- [What the task asks]
Using the material that follows, output exactly the lines from the one containing "シルクの贅沢な光沢とメリノウ" through the one containing "Збережіть, додайте коментарі", with both ends kept.

- [Input data]
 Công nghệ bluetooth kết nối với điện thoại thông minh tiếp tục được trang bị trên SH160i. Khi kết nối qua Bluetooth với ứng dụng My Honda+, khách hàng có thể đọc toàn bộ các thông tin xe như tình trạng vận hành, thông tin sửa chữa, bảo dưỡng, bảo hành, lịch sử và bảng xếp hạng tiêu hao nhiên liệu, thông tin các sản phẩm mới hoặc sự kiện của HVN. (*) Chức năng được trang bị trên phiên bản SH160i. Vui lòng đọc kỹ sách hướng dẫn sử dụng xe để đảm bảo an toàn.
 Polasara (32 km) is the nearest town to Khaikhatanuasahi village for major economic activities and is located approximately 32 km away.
* * *
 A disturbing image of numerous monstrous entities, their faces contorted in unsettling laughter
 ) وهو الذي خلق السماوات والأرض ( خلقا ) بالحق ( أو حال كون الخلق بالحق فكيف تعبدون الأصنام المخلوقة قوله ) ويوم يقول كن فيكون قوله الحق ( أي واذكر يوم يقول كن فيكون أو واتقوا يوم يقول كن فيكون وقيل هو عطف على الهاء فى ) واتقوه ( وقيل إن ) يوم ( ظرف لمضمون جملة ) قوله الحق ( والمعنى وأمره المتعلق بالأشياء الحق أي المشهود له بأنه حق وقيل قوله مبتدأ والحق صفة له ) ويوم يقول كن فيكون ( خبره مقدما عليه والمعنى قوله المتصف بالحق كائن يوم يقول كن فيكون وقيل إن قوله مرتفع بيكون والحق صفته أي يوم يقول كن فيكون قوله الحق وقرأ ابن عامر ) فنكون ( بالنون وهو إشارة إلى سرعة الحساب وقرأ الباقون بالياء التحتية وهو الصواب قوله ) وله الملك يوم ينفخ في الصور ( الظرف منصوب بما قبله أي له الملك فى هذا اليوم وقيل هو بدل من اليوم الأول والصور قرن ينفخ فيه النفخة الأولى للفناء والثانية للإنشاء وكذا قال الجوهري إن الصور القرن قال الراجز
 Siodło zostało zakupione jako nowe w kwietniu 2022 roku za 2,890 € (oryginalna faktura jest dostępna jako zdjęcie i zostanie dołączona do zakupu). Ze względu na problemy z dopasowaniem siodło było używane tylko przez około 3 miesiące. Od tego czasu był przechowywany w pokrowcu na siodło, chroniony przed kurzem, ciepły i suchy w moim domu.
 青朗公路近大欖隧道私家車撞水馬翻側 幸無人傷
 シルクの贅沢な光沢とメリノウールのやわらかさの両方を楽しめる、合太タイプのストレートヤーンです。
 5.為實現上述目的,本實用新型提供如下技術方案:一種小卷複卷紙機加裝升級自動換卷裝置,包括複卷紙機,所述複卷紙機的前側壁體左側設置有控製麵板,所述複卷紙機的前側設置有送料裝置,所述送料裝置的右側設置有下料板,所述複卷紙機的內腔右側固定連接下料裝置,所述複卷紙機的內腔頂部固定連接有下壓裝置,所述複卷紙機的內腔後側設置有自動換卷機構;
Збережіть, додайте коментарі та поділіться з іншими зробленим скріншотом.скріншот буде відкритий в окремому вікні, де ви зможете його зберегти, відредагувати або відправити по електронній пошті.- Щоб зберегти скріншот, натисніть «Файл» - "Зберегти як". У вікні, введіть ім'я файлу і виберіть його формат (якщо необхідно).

- [Response below]
 シルクの贅沢な光沢とメリノウールのやわらかさの両方を楽しめる、合太タイプのストレートヤーンです。
 5.為實現上述目的,本實用新型提供如下技術方案:一種小卷複卷紙機加裝升級自動換卷裝置,包括複卷紙機,所述複卷紙機的前側壁體左側設置有控製麵板,所述複卷紙機的前側設置有送料裝置,所述送料裝置的右側設置有下料板,所述複卷紙機的內腔右側固定連接下料裝置,所述複卷紙機的內腔頂部固定連接有下壓裝置,所述複卷紙機的內腔後側設置有自動換卷機構;
Збережіть, додайте коментарі та поділіться з іншими зробленим скріншотом.скріншот буде відкритий в окремому вікні, де ви зможете його зберегти, відредагувати або відправити по електронній пошті.- Щоб зберегти скріншот, натисніть «Файл» - "Зберегти як". У вікні, введіть ім'я файлу і виберіть його формат (якщо необхідно).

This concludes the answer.